To do — There should be no pictures in your answer, only an exact copy of the lines from the one with "Gold trades flat" through the end of the material.

Information supplied —
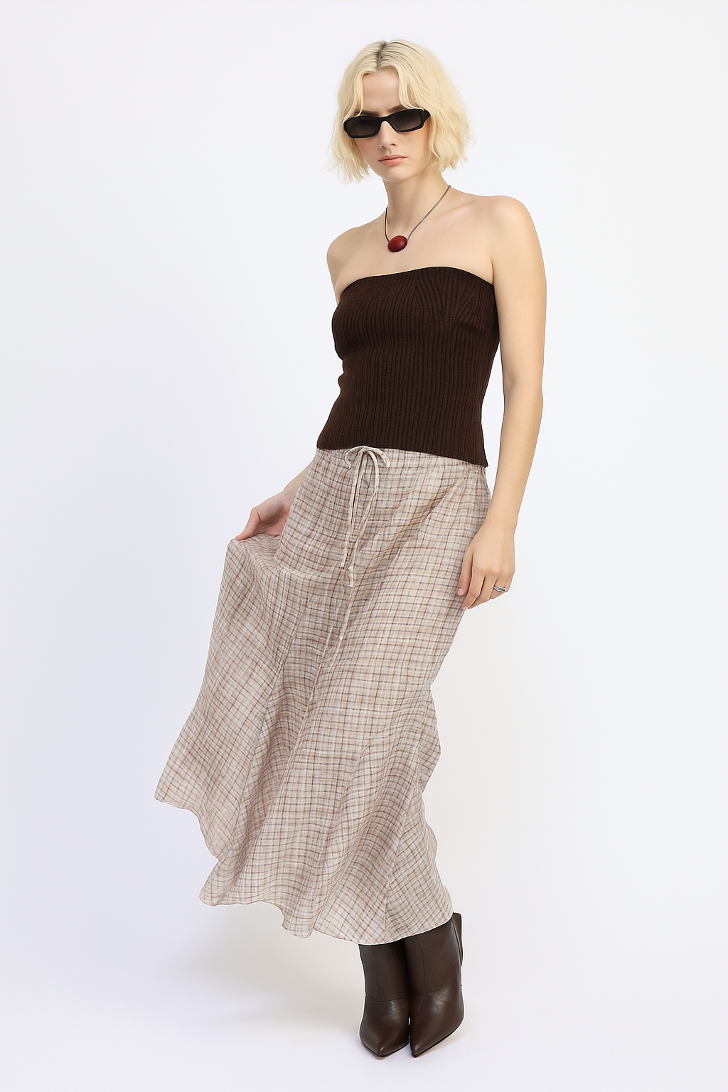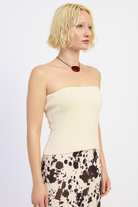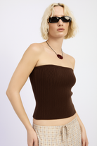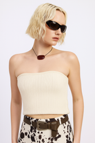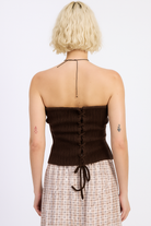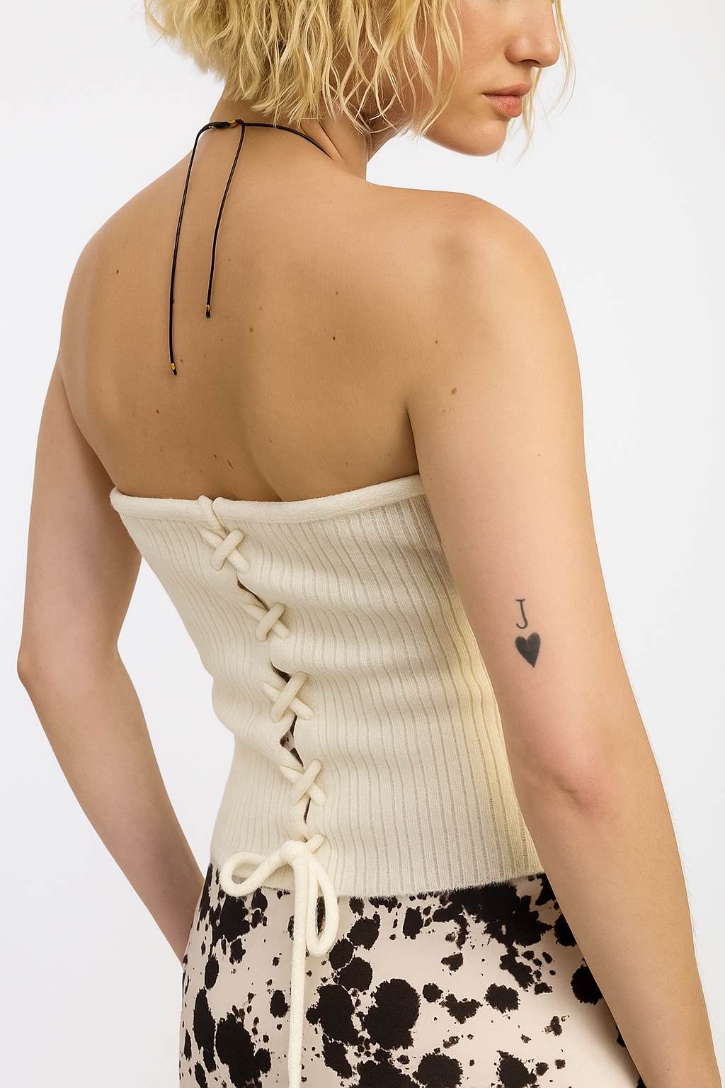Lace Up Sweater Tube Top features cozy knit fabric with adjustable lace-up detailing that creates a custom fit and edgy style appeal. The soft sweater material provides comfort while the tube design shows off your shoulders and neckline beautifully. Perfect for layering under jackets or wearing alone when you want to combine the warmth of knitwear with a fresh, modern silhouette.
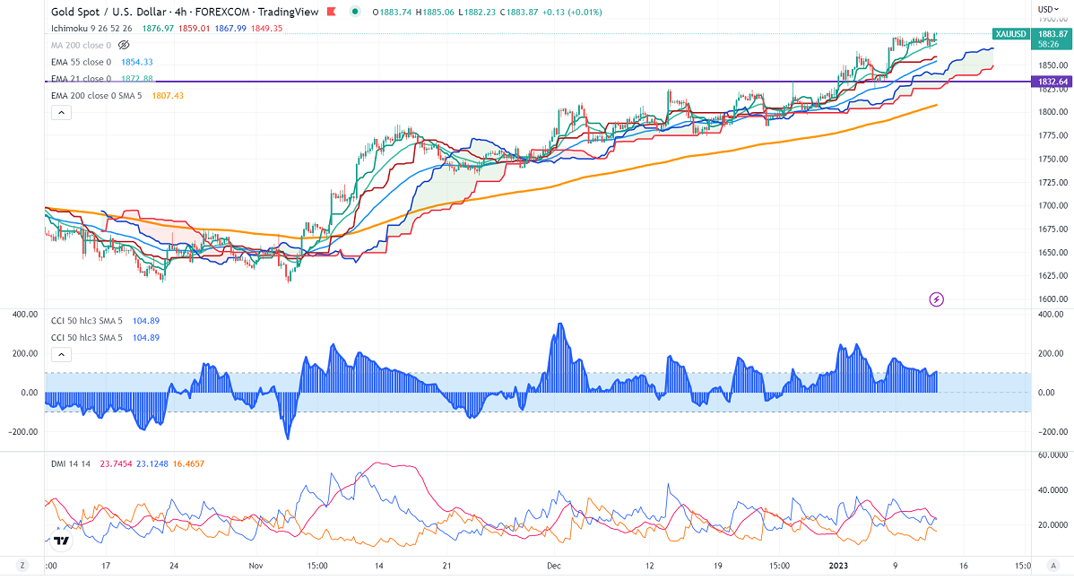 Gold trades flat ahead of US CPI data. Any weak inflation numbers will push gold prices higher. Gold hits an intraday high of $1885.06 and is currently trading around $1883.82.
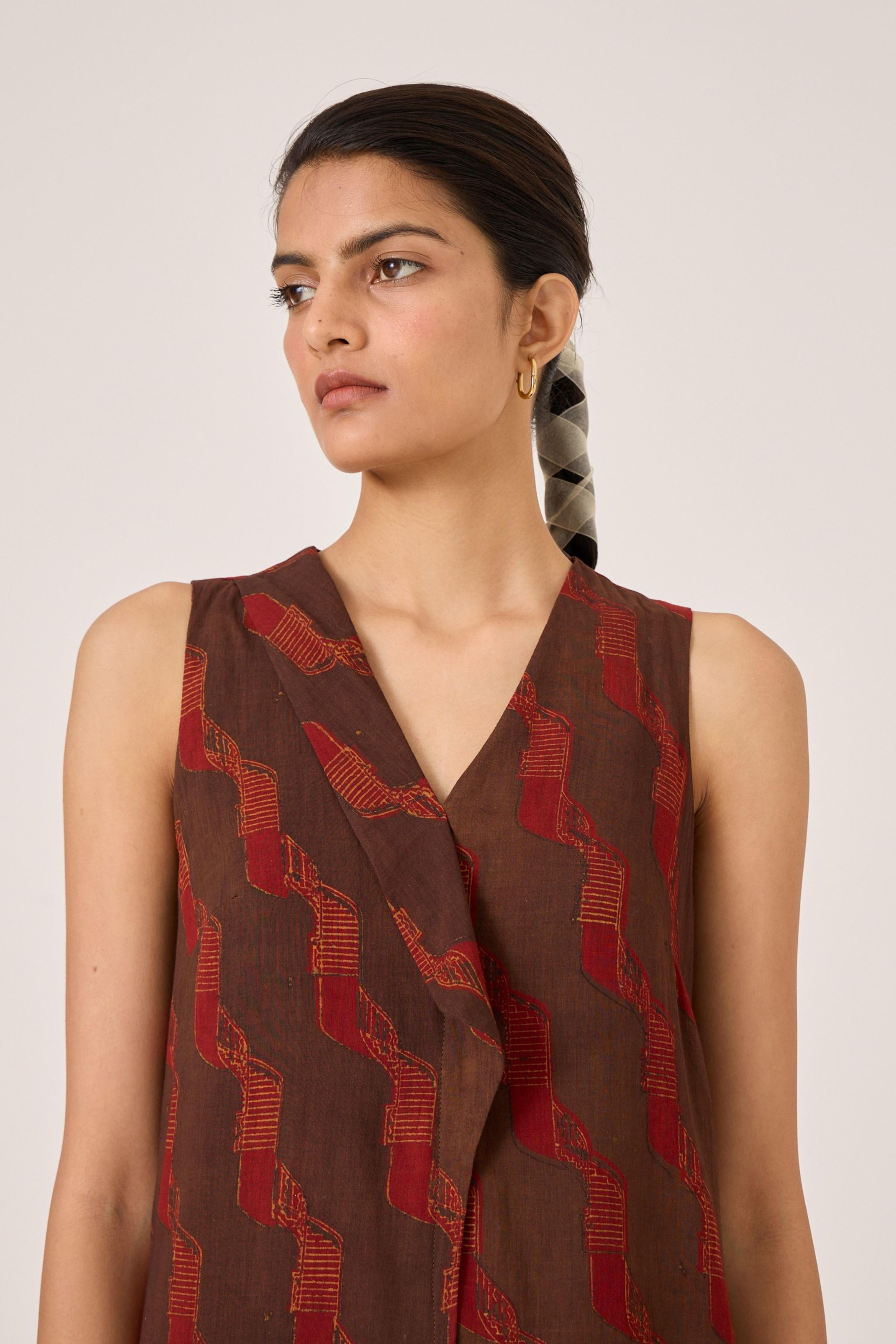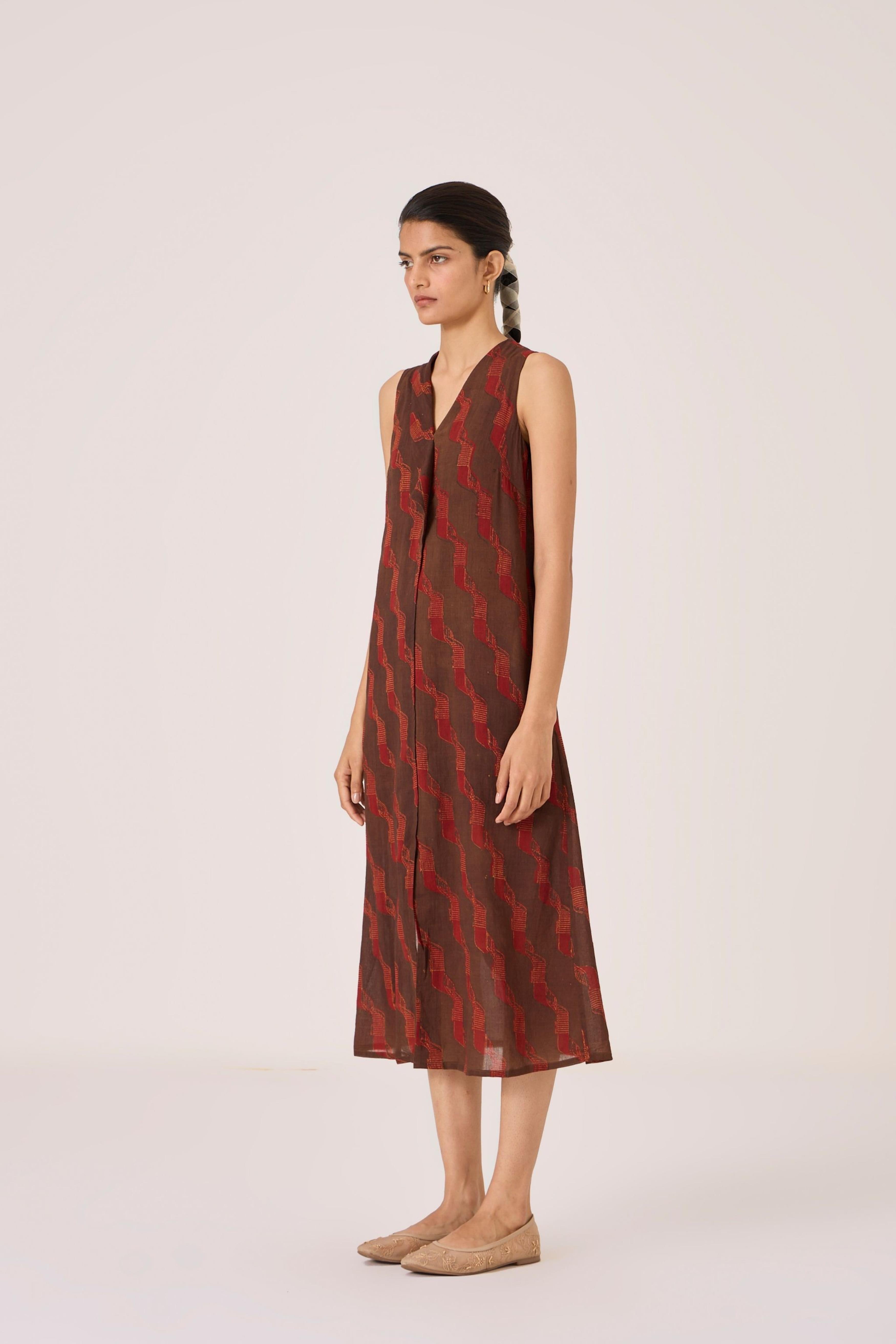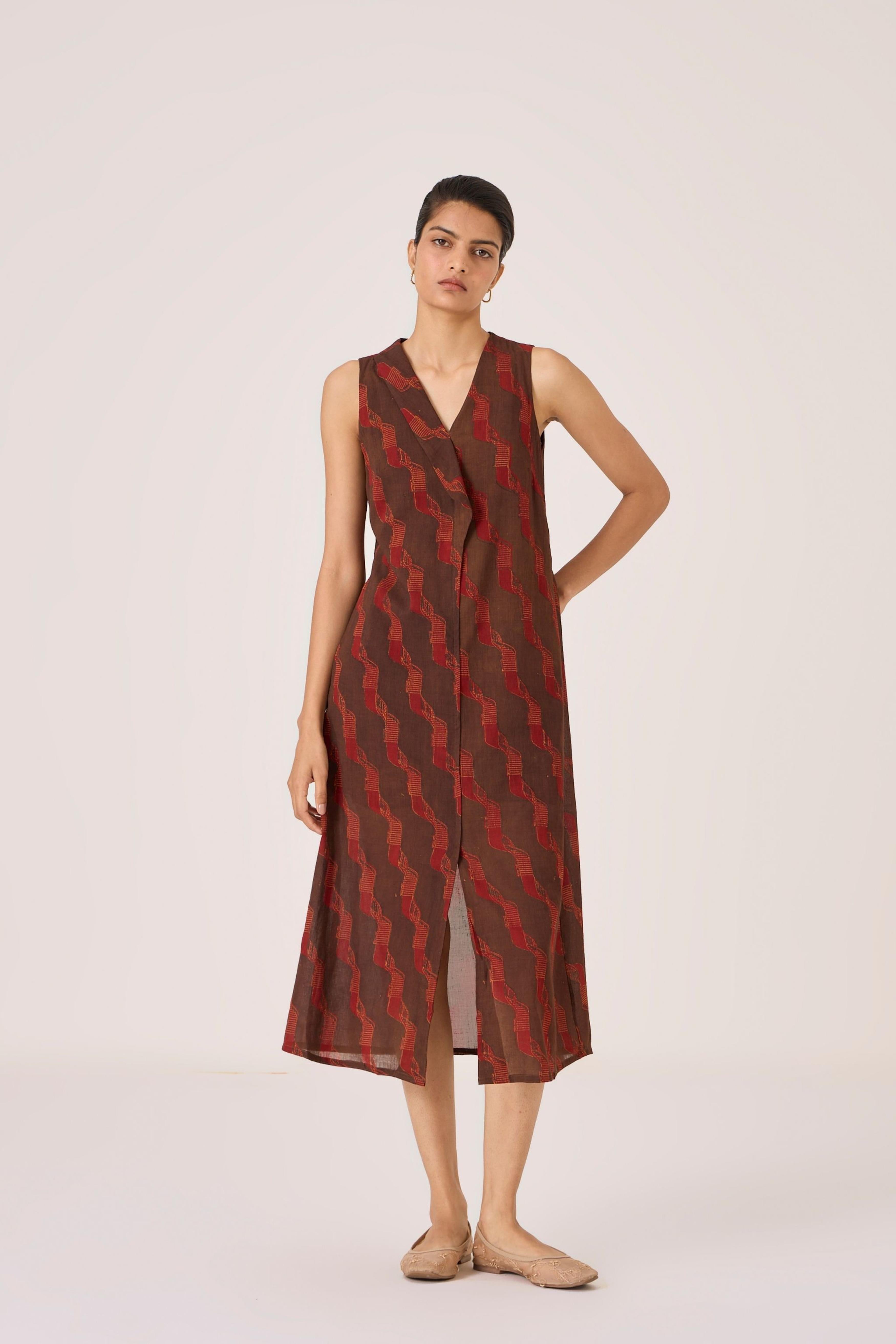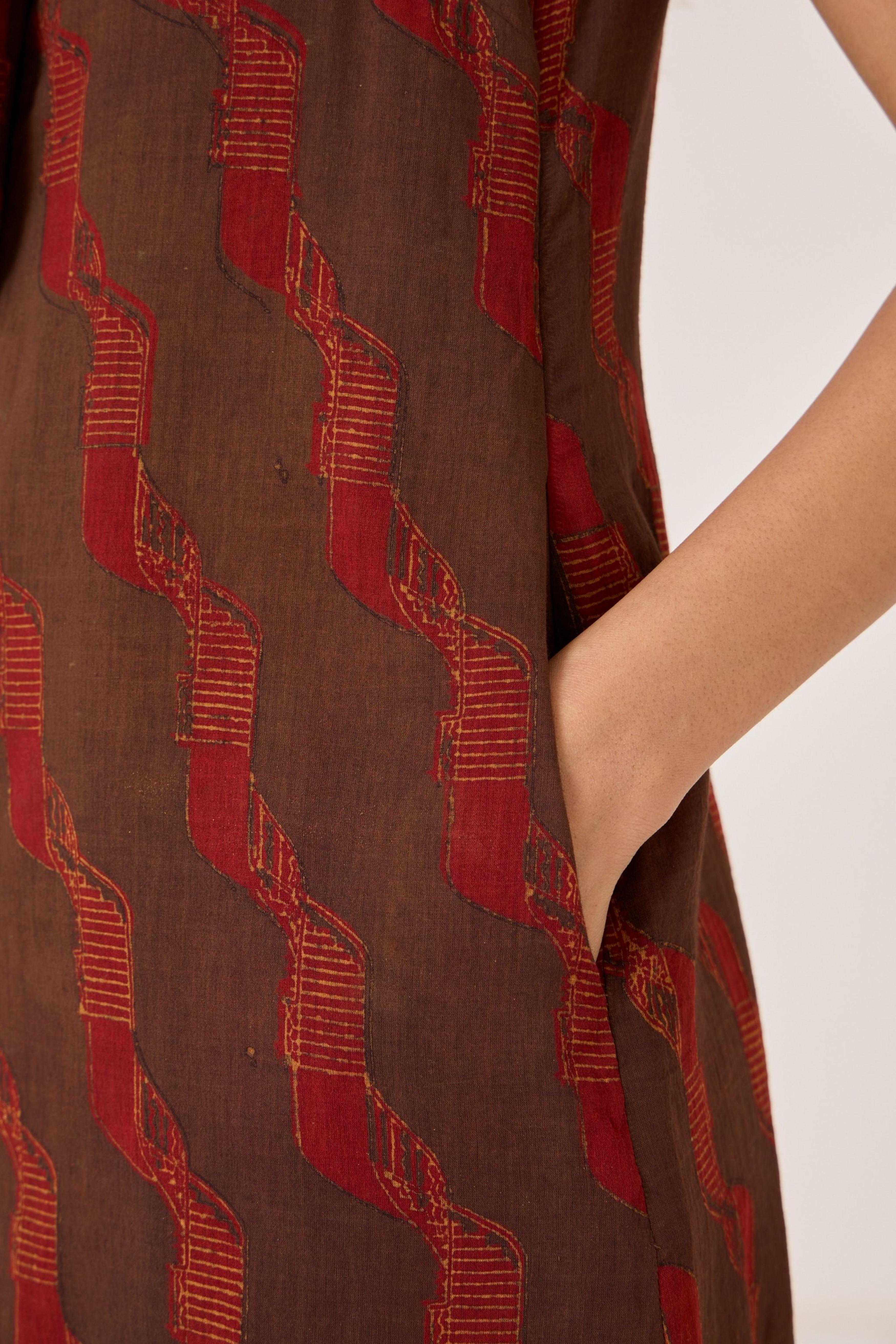 - Overlap dress - Signature print - Draped collar - Front centre slit - This dress is shipped with a slip This signature ajrakh block print is designed in our studio and hand block printed by traditional artisans in Gujarat. Print placement may vary from garment to garment. Slight irregularities in print are common and speak to the hand processes involved.

Task answer —
 Gold trades flat ahead of US CPI data. Any weak inflation numbers will push gold prices higher. Gold hits an intraday high of $1885.06 and is currently trading around $1883.82.
 - Overlap dress - Signature print - Draped collar - Front centre slit - This dress is shipped with a slip This signature ajrakh block print is designed in our studio and hand block printed by traditional artisans in Gujarat. Print placement may vary from garment to garment. Slight irregularities in print are common and speak to the hand processes involved.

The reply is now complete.